SUMMARY Magnetotelluric (MT) responses in complex, 3-D terrains are in general characterized by (i) elliptical polarization states of horizontal electric and magnetic fields; (ii) the non-orthogonality of electric and magnetic fields and (iii) a coupling of the anomalous tangential-electric (TE) and tangential-magnetic (TM) modes, giving rise to a mode-mixed anomalous electric field at the surface. These 3-D effects are propagated into the MT impedance tensor, which is derived from horizontal electric and magnetic fields, recorded at the earth’s surface. The 2 × 2 impedance tensor is in general fully occupied, and each of its elements is a mode-mixed quantity. To study 3-D effects of MT (impedance) data, the TE and TM mode contributions must be separated. This becomes possible with the inclusion of the single-mode vertical magnetic transfer function (the ratio of vertical to horizontal magnetic fields). Then, the individual modes can be resolved without prior knowledge of the underlying 3-D conductivity structure. For this purpose, we consider (i) the spatial relations between electromagnetic field components recorded in an array of sites (Faraday’s law) and (ii) that the magnetic TE mode and electric TM mode fields are potential fields within the insulating air half-space above the earth’s surface.
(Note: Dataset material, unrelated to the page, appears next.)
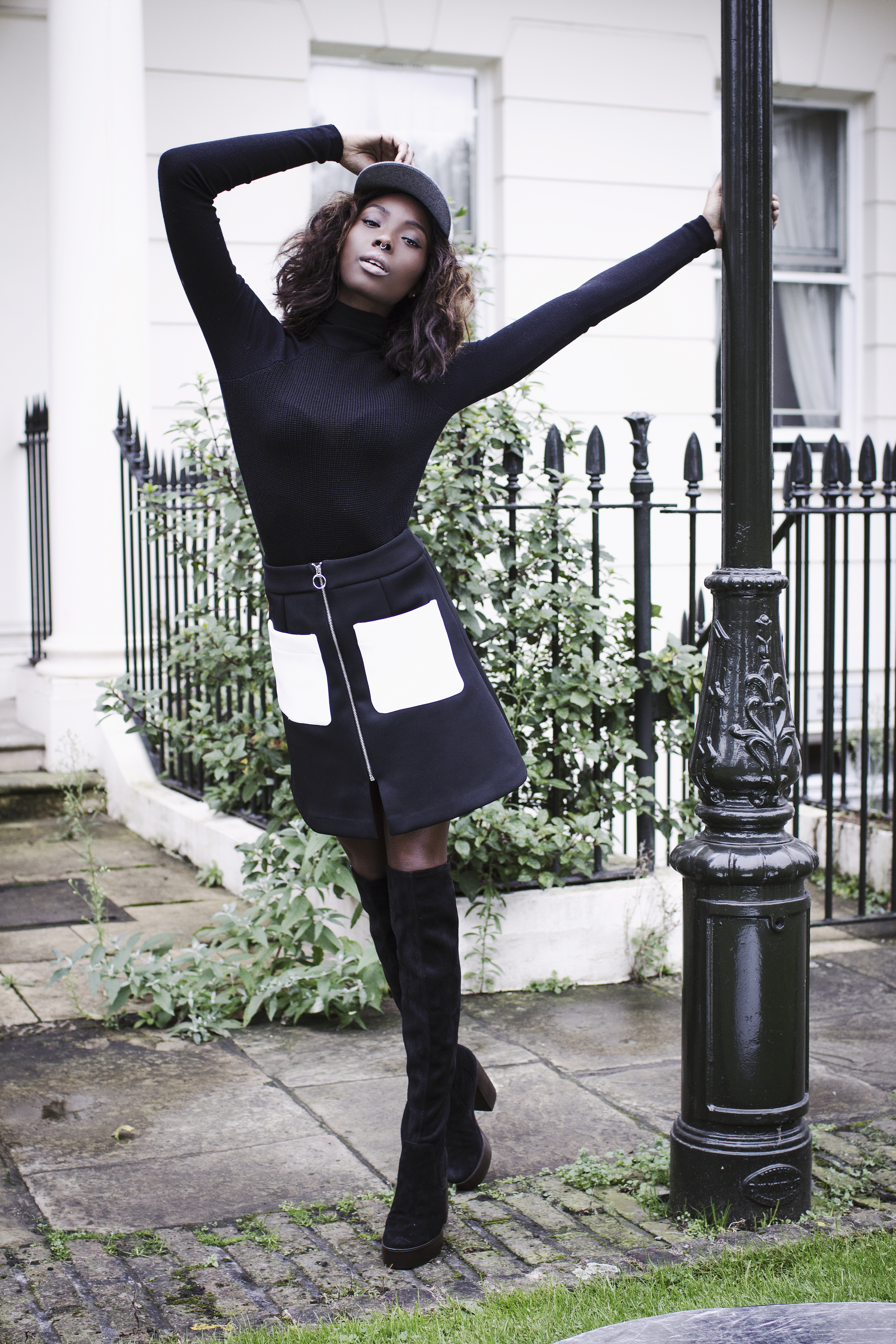 Im not really into black but this is a fave look for Autumn. Thigh highs and an A-line colour block skirt, the roll neck completes the look and gives the look a 70s inspired feel.
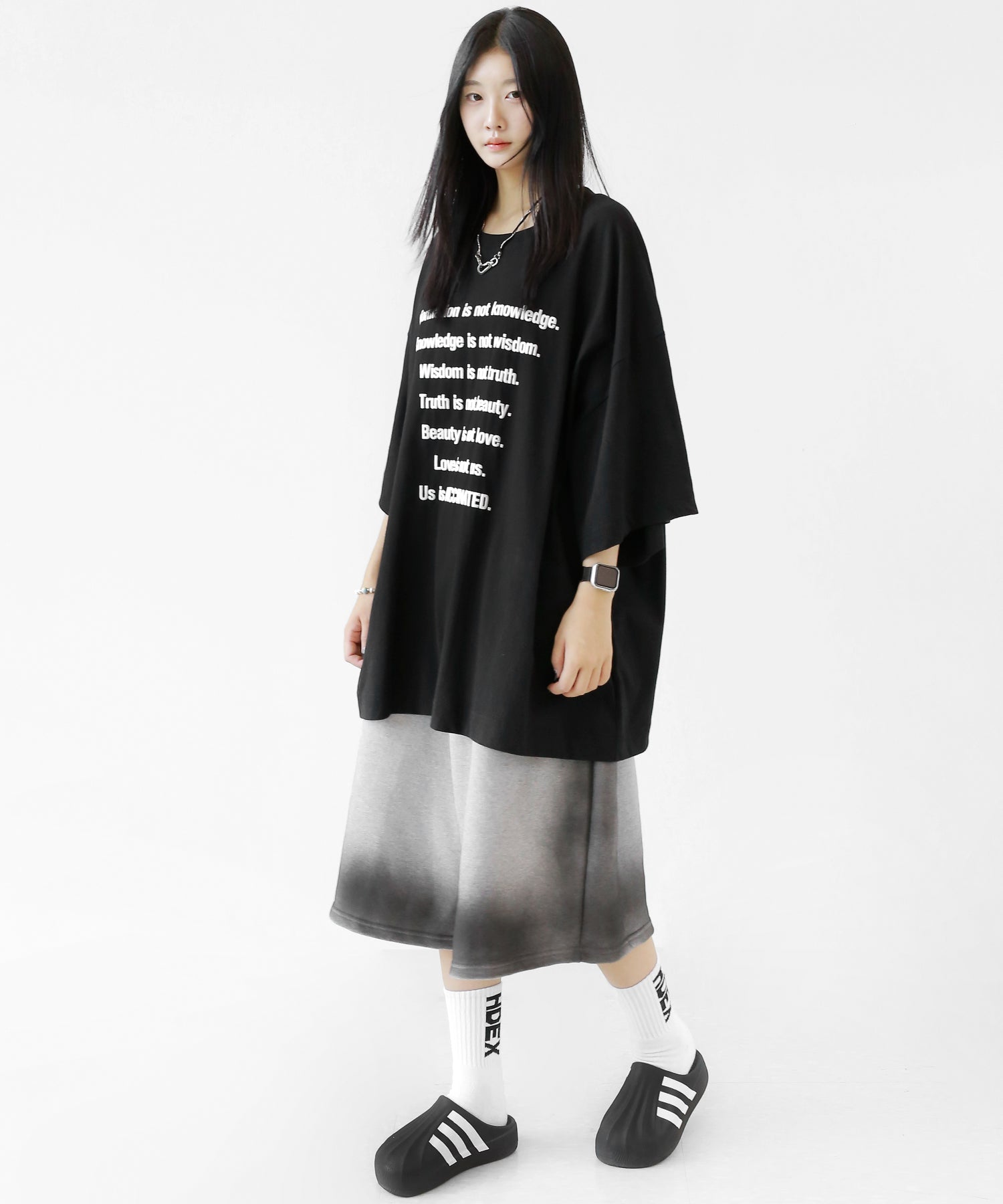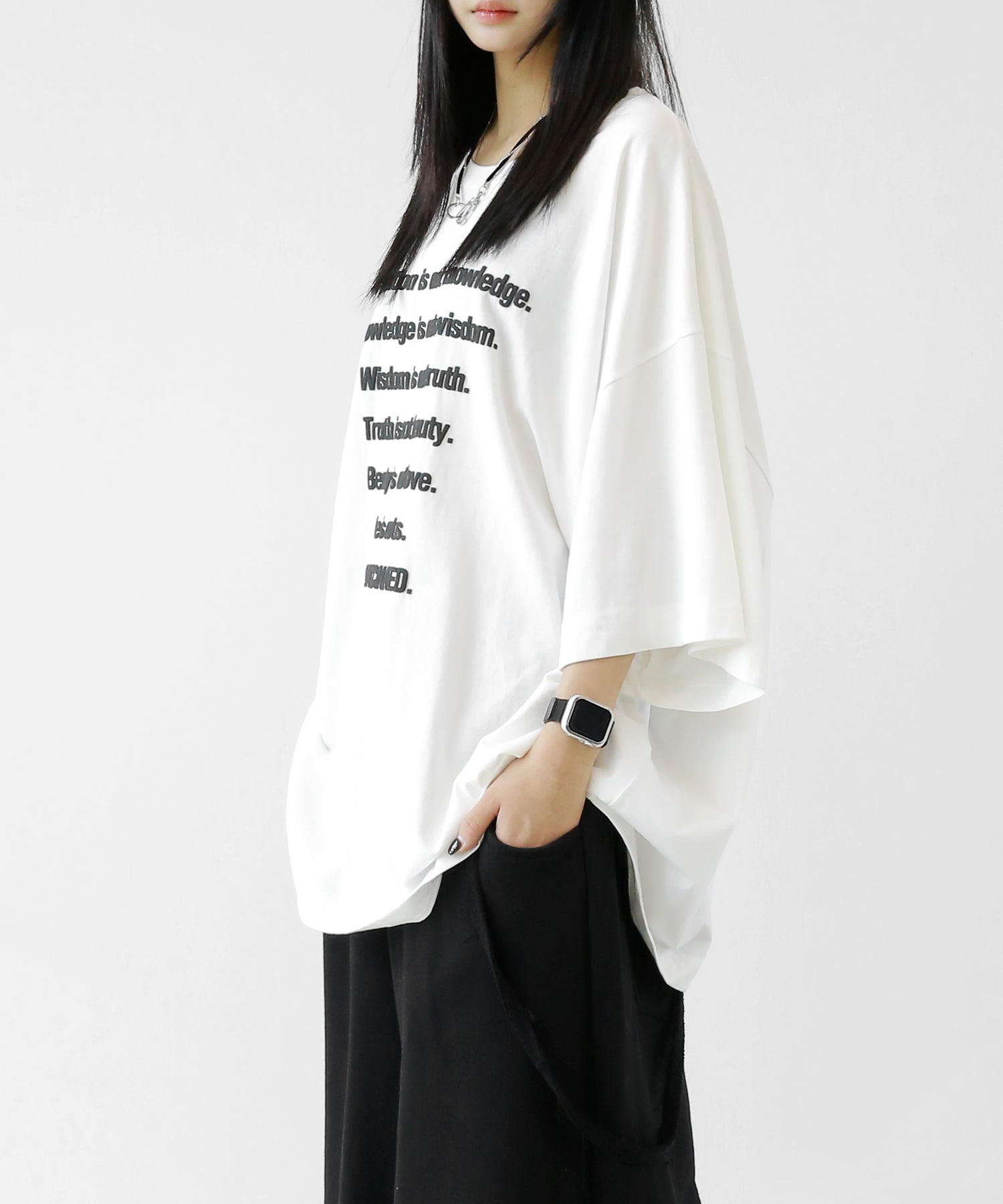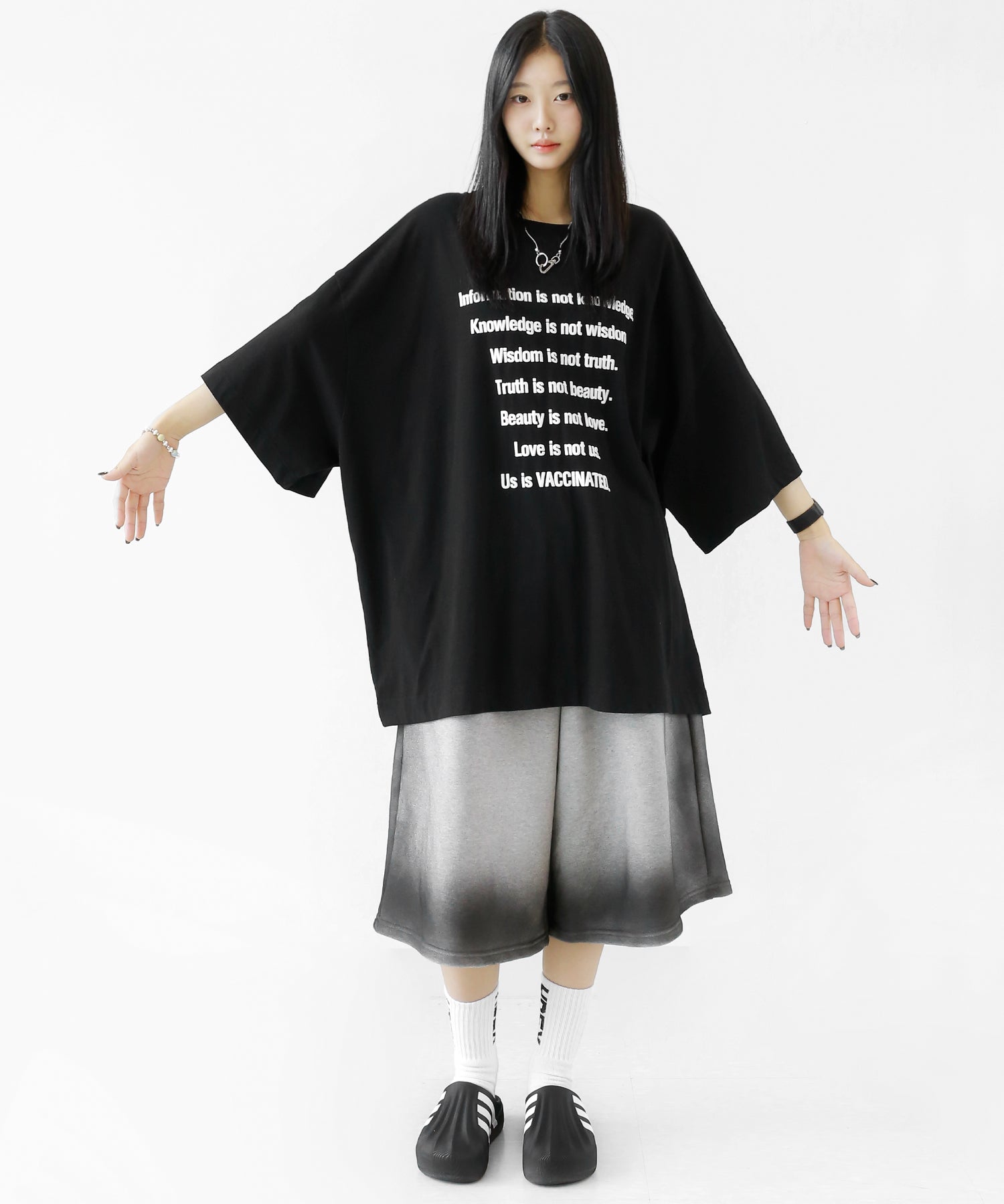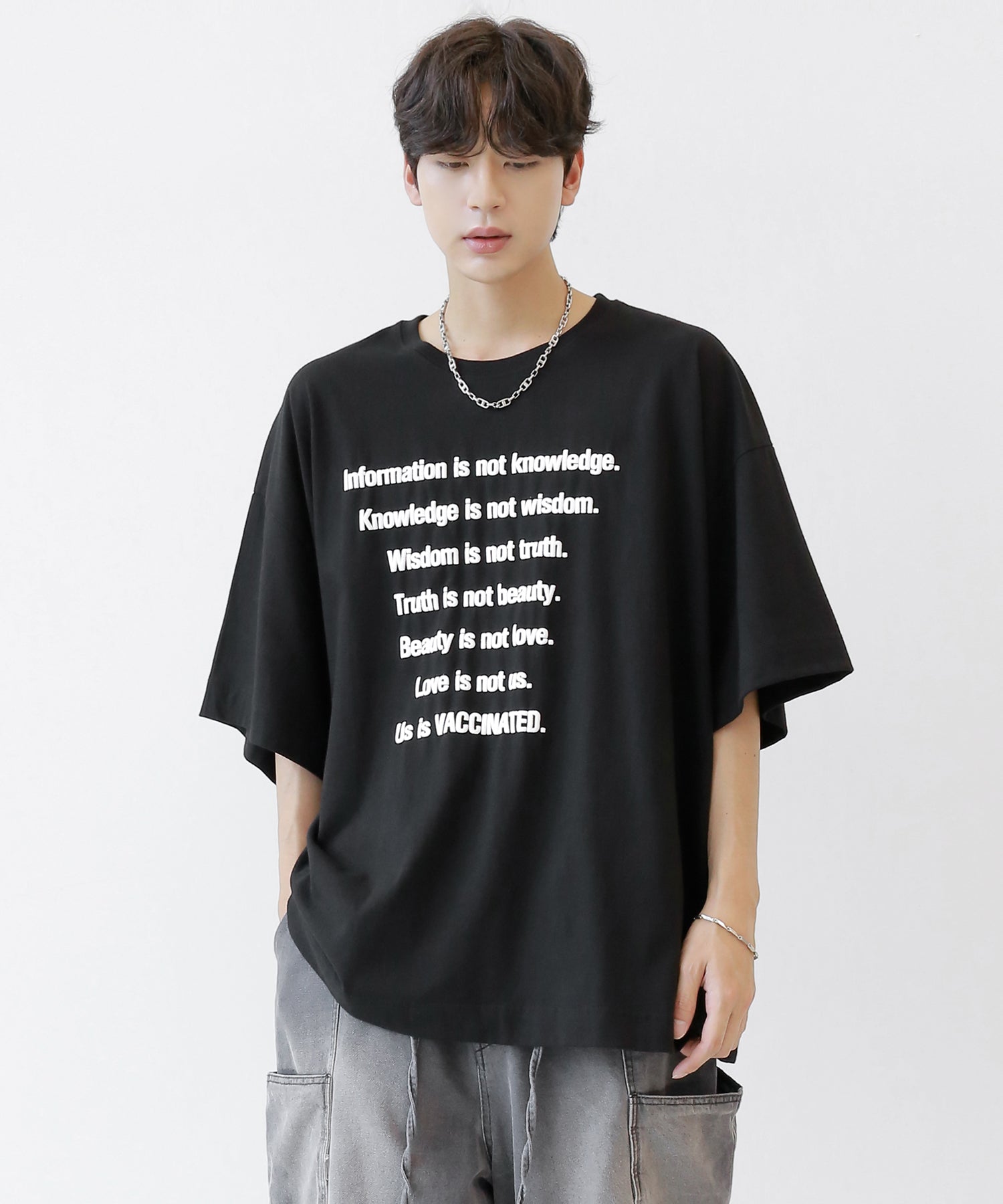 This oversized tee features a playful puff-print lettering design that adds a fun, tactile twist to your look. The extended seam detailing and roomy fit give it that trendy oversized silhouette loved in Korean and Japanese streetwear.

Based on these two dependencies, it is possible to reconstruct the entire electromagnetic field from (measured) mixed-mode impedances and vertical magnetic transfer functions and to separate it into TE and TM modes, and into normal and anomalous parts. Hereby, we cannot only study the contribution of the two modes on the observed impedance tensor but also quantify the influence of 3-D effects at each location and frequency of a particular data set. Results of a modelling study suggest, that (i) none of the elements of a 3-D impedances tensor can be regarded as favourable for a 2-D interpretation (only 3-D models can explain 3-D data), (ii) a heterogeneous crust can strongly obscure identification of responses originating from the lower crust or upper mantle even at very long periods and (iii) the TE mode magnetic transfer functions are most important for sensing deep anomalies.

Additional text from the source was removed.